Mouse embryonic Purkinje cell clusters defined by single-cell transcriptomics. (A) Sepp et al. define four Purkinje cell subtypes based on transcriptomic differences and labelled by differentially expressed markers Chd9, Etv1, Foxp1, and Rorb [33]. All subtypes show broad expression of Purkinje cell markers (Foxp2, Skor2, Rora) but variable expression of genes previously used in imaging studies to define clusters (Epha4, Pcdh10, Itpr1, Plcb4) [52,53]. The different subtypes can also be defined by the combination of Ebf1 and Ebf2 expression.

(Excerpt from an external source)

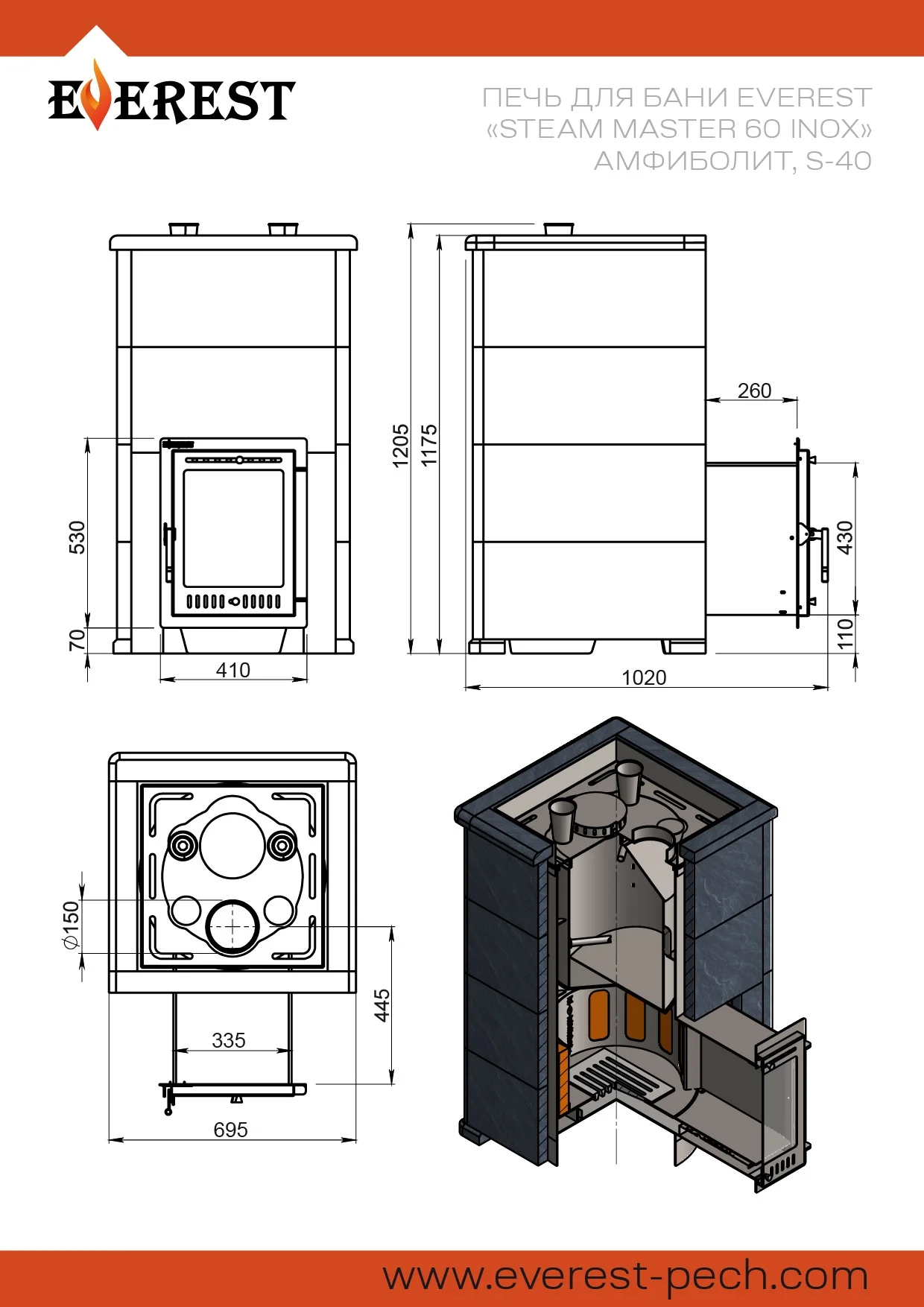 Печь для бани Эверест "Steam Master 60 INOX" Амфиболит, S-40 изготовлена из нержавеющей стали. Печь предназначена для установки в частные и коммерческие бани с объёмами парных помещений до 60 м³.

In addition, subtypes differ with regards to birth date, location, and predicted adult Zebrin phenotype [33]. (B) Representative images of key marker gene expression in E15.5 sagittal cerebellar sections corresponding to Purkinje cell clusters in (A). Cdh9 and Rorb are shown in medial sections and Foxp1 and Etv1 in lateral sections. ISH images taken from the Allen Developing Mouse Brain Atlas (https://developingmouse.brain-map.org/ accessed on July 2022). (C) Correlation between embryonic Purkinje cell subtypes identified by single-cell transcriptomic studies of the developing mouse cerebellum. Wizeman et al. found genes differentially expressed by five Purkinje cell subtypes [30]. The average expression of these genes is shown across the four Purkinje cell subtypes identified by Sepp et al. [33]. Expression of each gene is normalized across samples. (D) Dimension reduction analysis of the Purkinje cell cluster from a third developing mouse cerebellar scRNA-seq dataset [25] suggests similar distinct molecular identities to previously reported [30,33]. Top left: A UMAP projection at resolution 0.2 indicates three clusters within the Purkinje cells. Top center: Foxp2 is expressed across all Purkinje cells. Top right: Across UMAP_2 (y axis) cells are separated by sample date into two embryonic clusters and one postnatal cluster. The embryonic clusters show distinct expression patterns of Foxp1 and Ebf2. The postnatal cells show expression of more mature Purkinje cell markers such as Thy1 and Itpr1. Expression of the top two markers for each cluster are shown.